Source data:
++++++
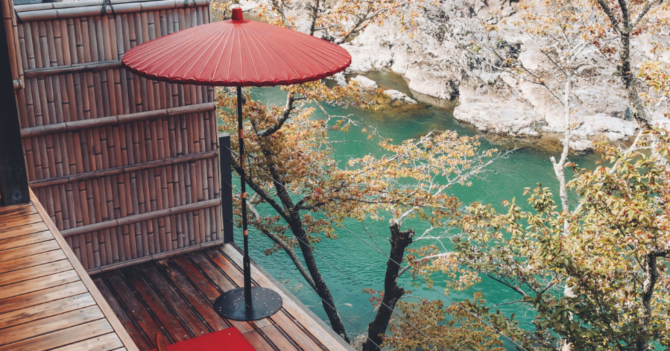 Om dit weg-van-de-wereldhotel te bereiken, wacht je een heuse expeditie als onderdeel van de โexperienceโ. Trek eerst richting Arashiyama, de rustieke wijk in het westen van de stad en neem vervolgens de boot naar de overkant van de jadegroene Hozu-rivier. Het hotel op de heuvelflank telt vijfentwintig kamers, verspreid over een tiental eeuwenoude huisjes. Het nostalgische interieur met vintage blauwe muren en warme accenten van hout en bamboe brengt je automatisch in relaxmodus. Het kabbelende water doet de rest…
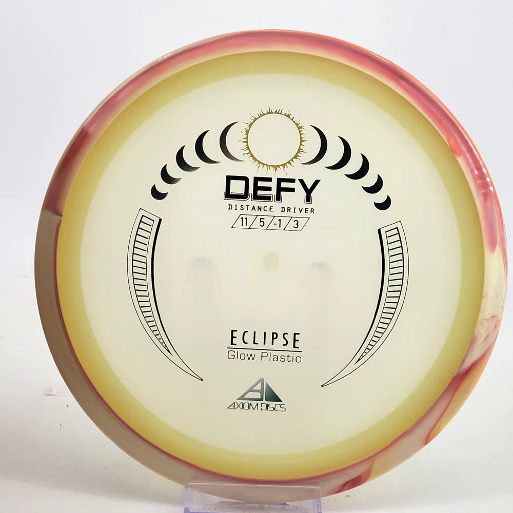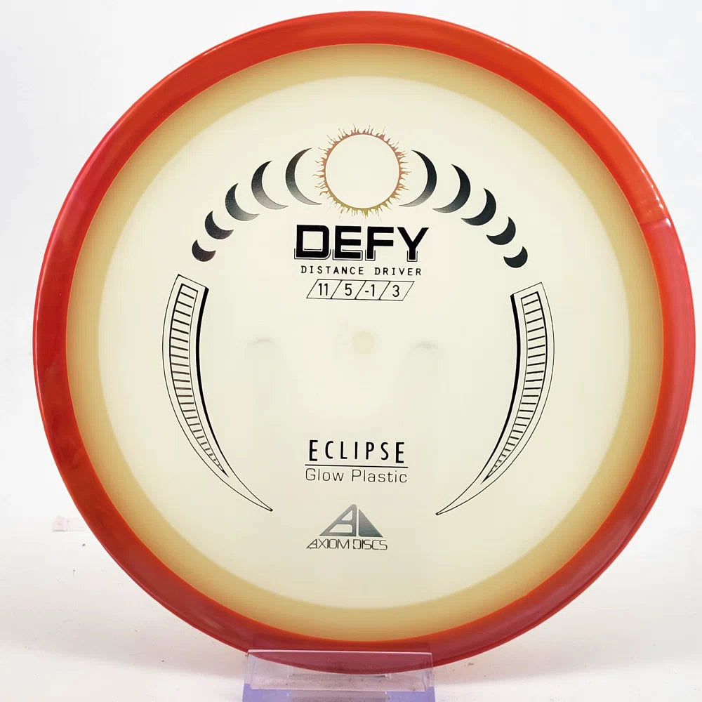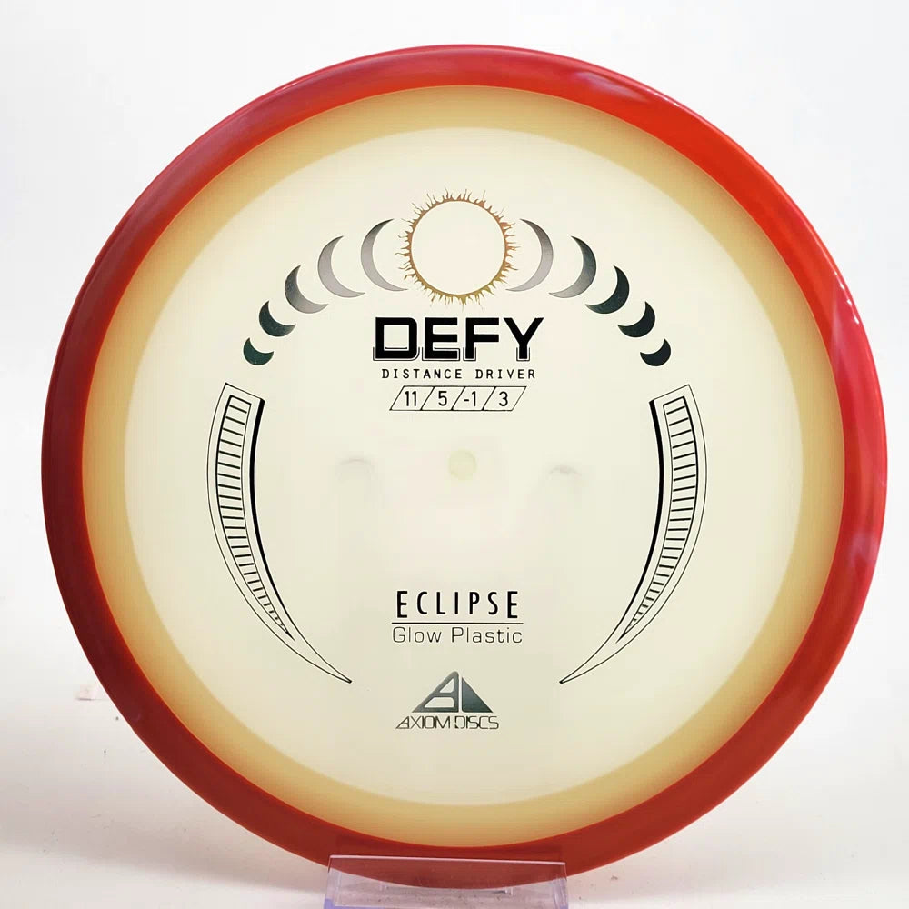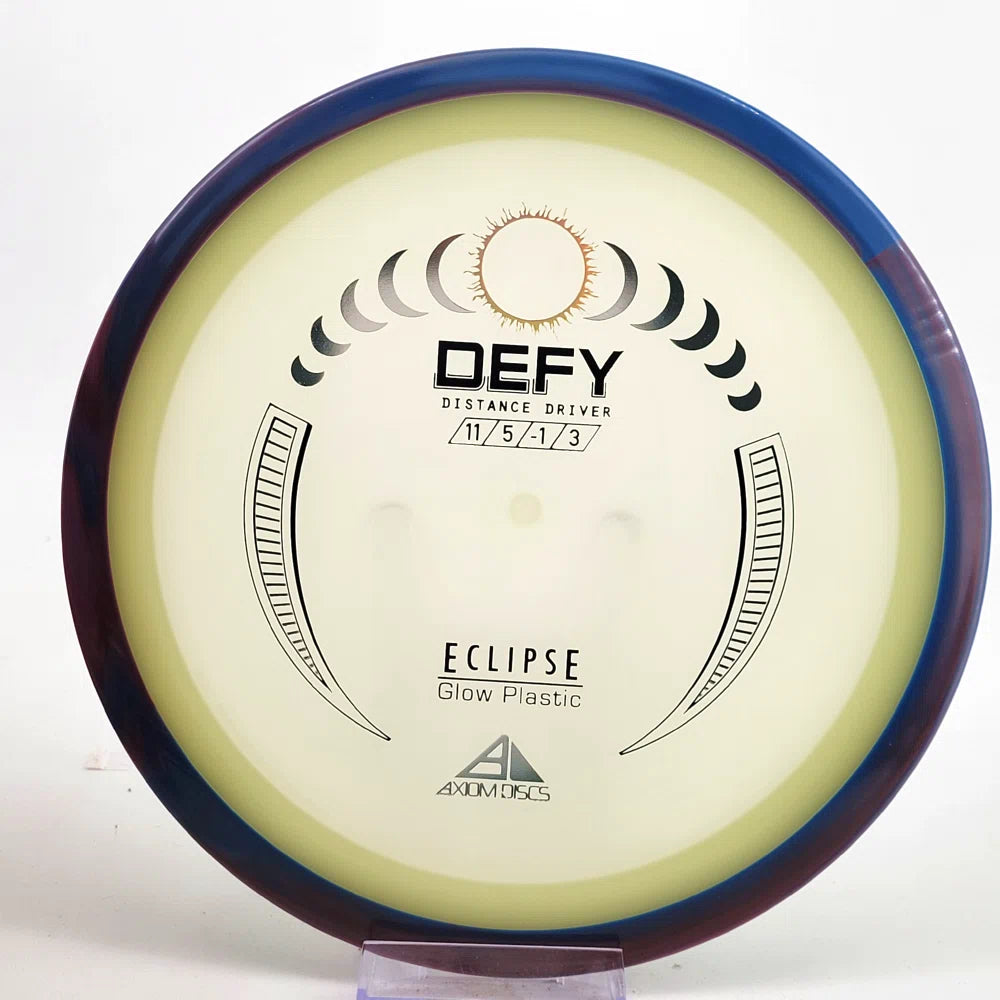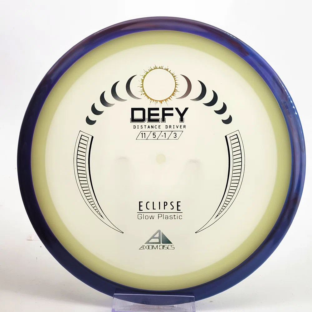 The Axiom Defy is now available in our industry-leading Eclipse plastic all year! Known for reliable distance, whether you’re throwing into the wind or with power, the Defy is perfect for long, straight, high-power shots with a forward-pushing fade and reliable lower-powered overstability. Defy headwinds and the darkness with the Eclipse Defy!
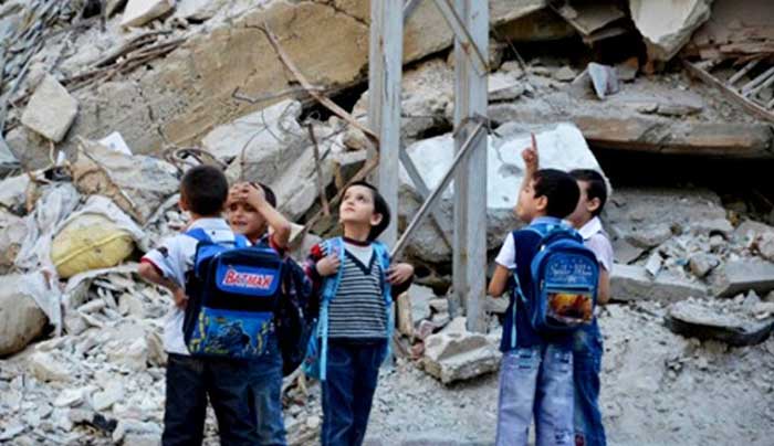 5 – इन बच्चों की नजरे अभी आसमान की ओर गड़ी है न जाने कब रूस या सीरिया के युद्धक विमानों स्कूल परिसर बम गिराकर चले जाए. 1 2 3 4 5 6 7 8 9 10 Facebook Twitter Google+ Linkedin Pinterest Article Tags: Featured · सीरिया के स्कूली बच्चों की तसवीरें Article Categories: विशेष
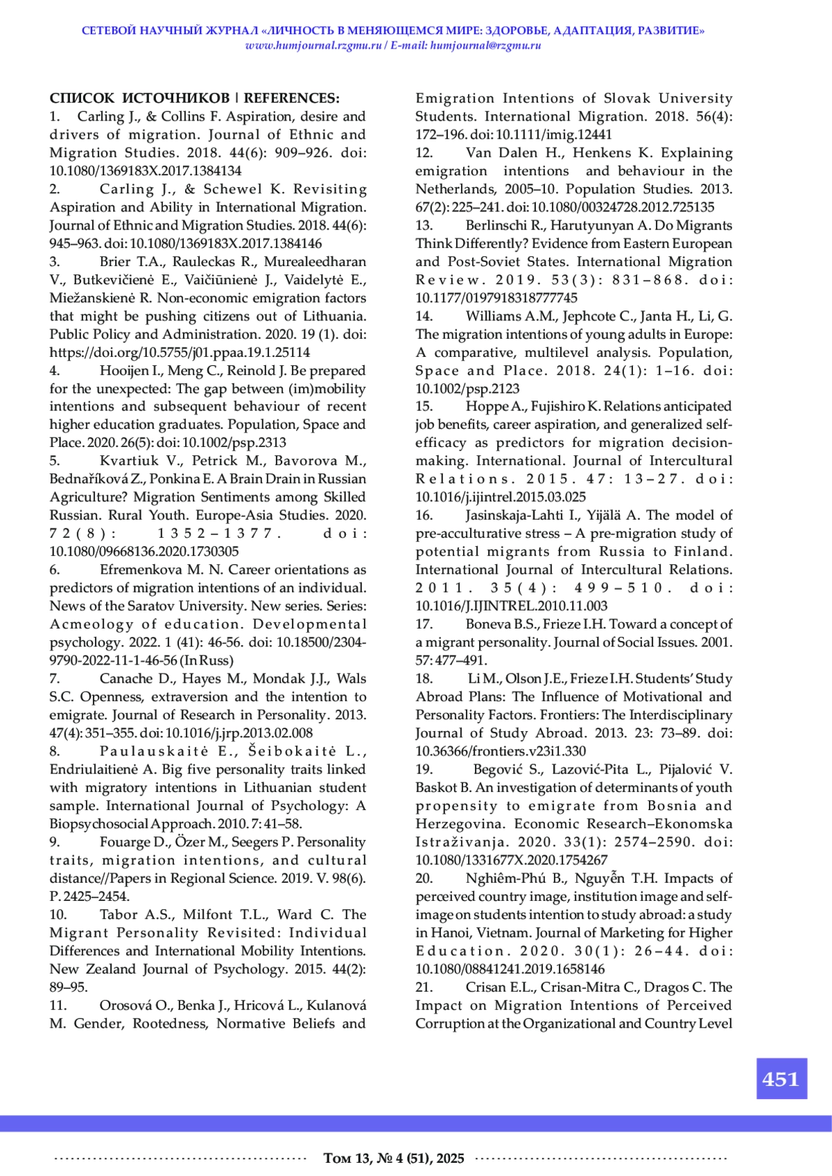 6. Efremenkova M. N. Career orientations as predictors of migration intentions of an individual. News of the Saratov University. New series. Series: Acmeology of education. Developmental psychology. 2022. 1 (41): 46-56. DOI: 10.18500/23049790-2022-11-1-46-56
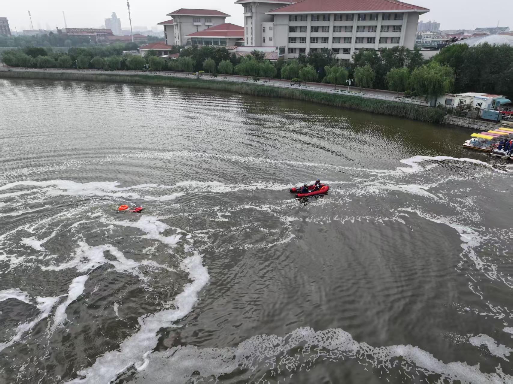 津滨网讯(记者 李婷婷 报道 刘汯林 摄影)日前,为全面提升应对突发洪涝灾害的应急反应和处置能力,大港街道组织开展了一场新质救援能力防汛应急演练。此次演练以“科技赋能应急救援”为核心,集中展示了救援橡皮舟、遥控救生圈、救生抛投器、救援无人机等现代化装备的实战应用,通过模拟真实灾情检验应急体系,为守护辖区群众生命财产安全筑牢坚实屏障。
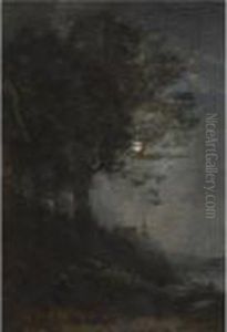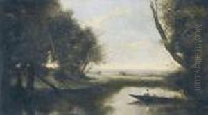 Ville D'avray. L'etang Vu A Travers Le Feuillage (une Vachere Assise Au Bord De L'eau Sous Les Arbres)
++++++
No picture is to be printed. Output exactly the lines above from the line containing "5 – इन बच्चों" through the line containing "6. Efremenkova M.".

 5 – इन बच्चों की नजरे अभी आसमान की ओर गड़ी है न जाने कब रूस या सीरिया के युद्धक विमानों स्कूल परिसर बम गिराकर चले जाए. 1 2 3 4 5 6 7 8 9 10 Facebook Twitter Google+ Linkedin Pinterest Article Tags: Featured · सीरिया के स्कूली बच्चों की तसवीरें Article Categories: विशेष
 6. Efremenkova M. N. Career orientations as predictors of migration intentions of an individual. News of the Saratov University. New series. Series: Acmeology of education. Developmental psychology. 2022. 1 (41): 46-56. DOI: 10.18500/23049790-2022-11-1-46-56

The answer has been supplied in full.